§ BRIEF:
Repeat word for word the lines from the one containing "Bando Bunga LED" to the end of the material below, and leave all pictures out.

-- DATASET EXCERPT follows --

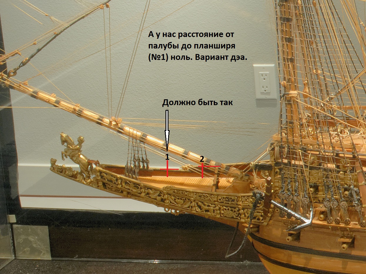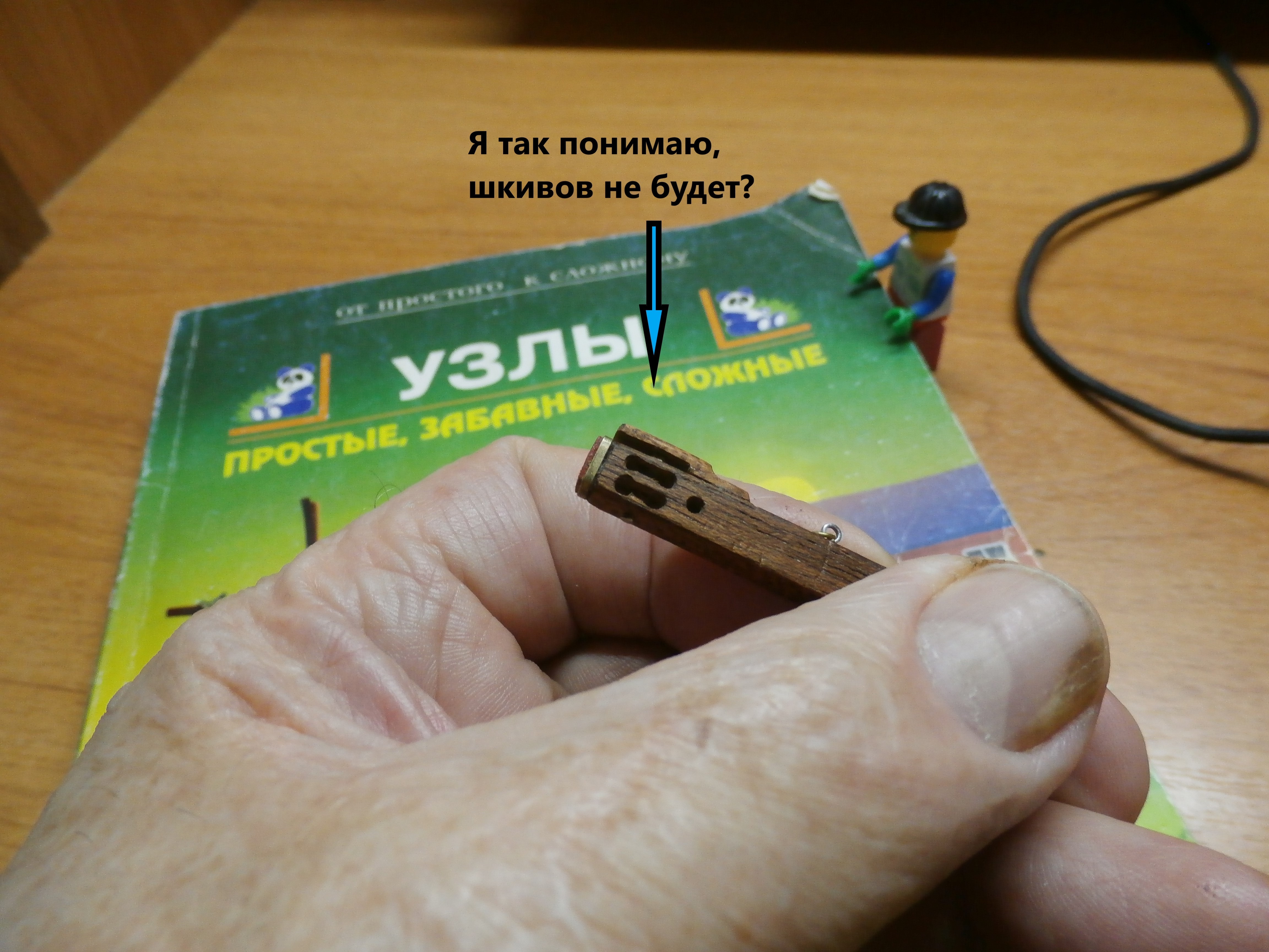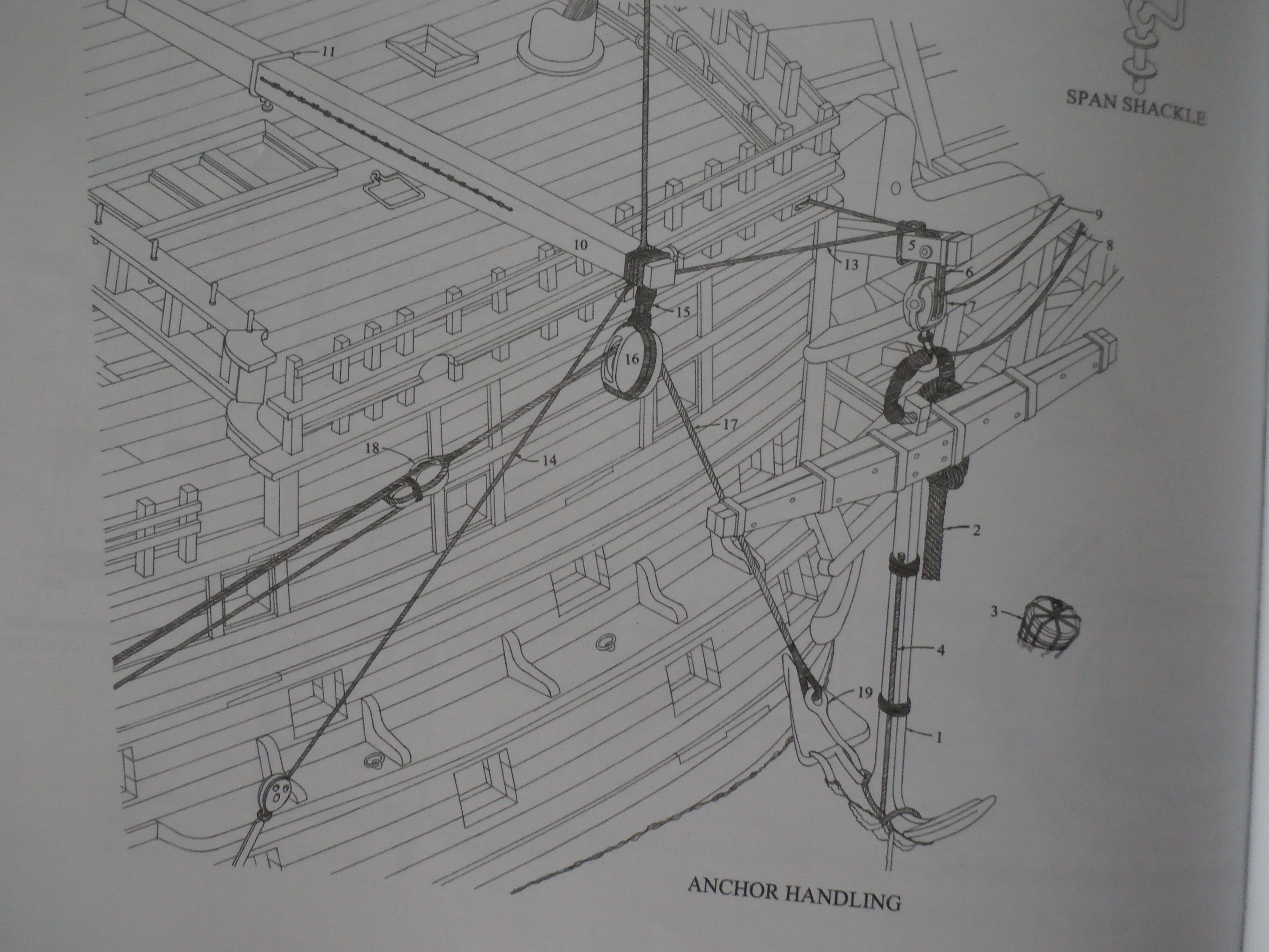Отвечаю на ваш вопрос: Вы правы, действительно КАТ-СТОПОР на КАТ-БАЛКЕ в виде не большого конца -и он только один!, Он начинается с концевого узла шаровидной формы называемого кнопом. Кат-стопор протягивается через сквозное отверстие просверленное чуть дальше шкивов кат-талей на кат - балке вертикально с верху - вниз и выскочить из просверленного отверстия кат-стопор не может за счет этого кнопа! Затем кат-стопор проталкивается матросами на подвешенном кат-талями в вертикальном положении якоре через рым (кольцо)якоря и через шкив кат-стопора (3) кат-балки (На матросском слэнге -кошка) конц кат-стопора закрепляют на оголовке тимберса. Все дело у этого рисунка - в художнике. Я не знаю его желание почему он не нарисовал середину кат-стопора не нарисовал и сам кат-стопор проходящий через шкив кат-стопора? Наверное хотел упростить рисунок, но в итоге получилась какая то не понятка. Рисунком я пользовался прежде всего для изготовления деталировки своей кат-балки а не для её такелажа. Размеры же я взял из фанерной кат-балки патворка. Удачи вам в Новом году!
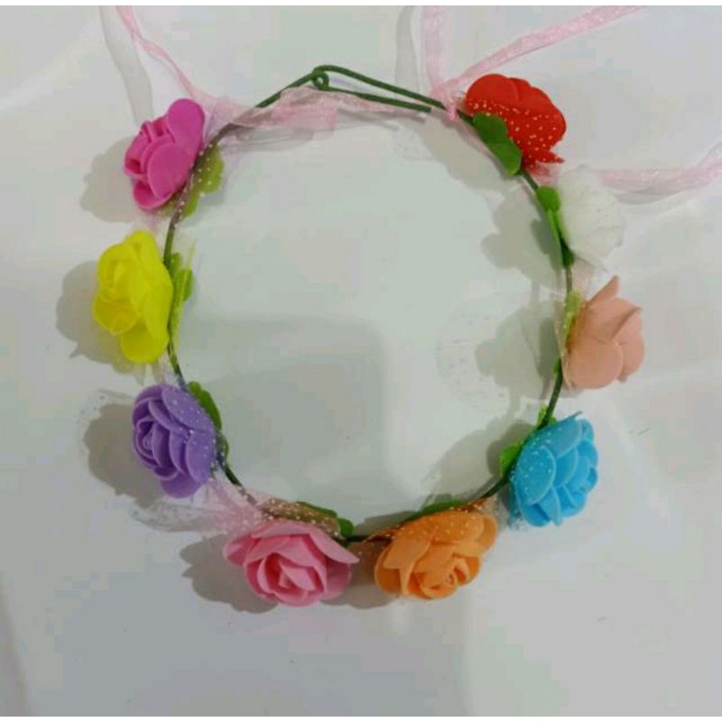 Bando Bunga LED Flower Crown Mahkota Bunga Lampu Kawat Bunga Bando Merah Putih
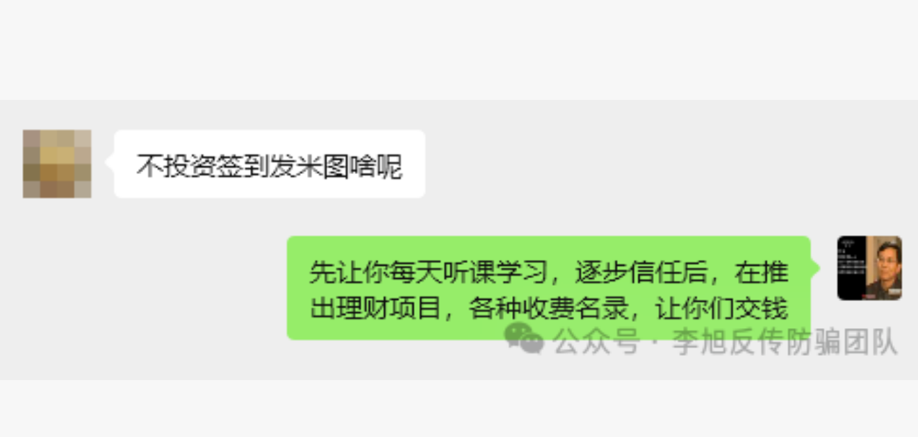 你知道什么样的骗局中老年最容易中招吗?结合李旭反传防骗团队近两年成千上万条咨询信息,我们发现,那些打着“不投资,签到就发米”的项目,迷惑性最强。

-- DATASET EXCERPT concluded --

§ FINISHED TASK:
 Bando Bunga LED Flower Crown Mahkota Bunga Lampu Kawat Bunga Bando Merah Putih
 你知道什么样的骗局中老年最容易中招吗?结合李旭反传防骗团队近两年成千上万条咨询信息,我们发现,那些打着“不投资,签到就发米”的项目,迷惑性最强。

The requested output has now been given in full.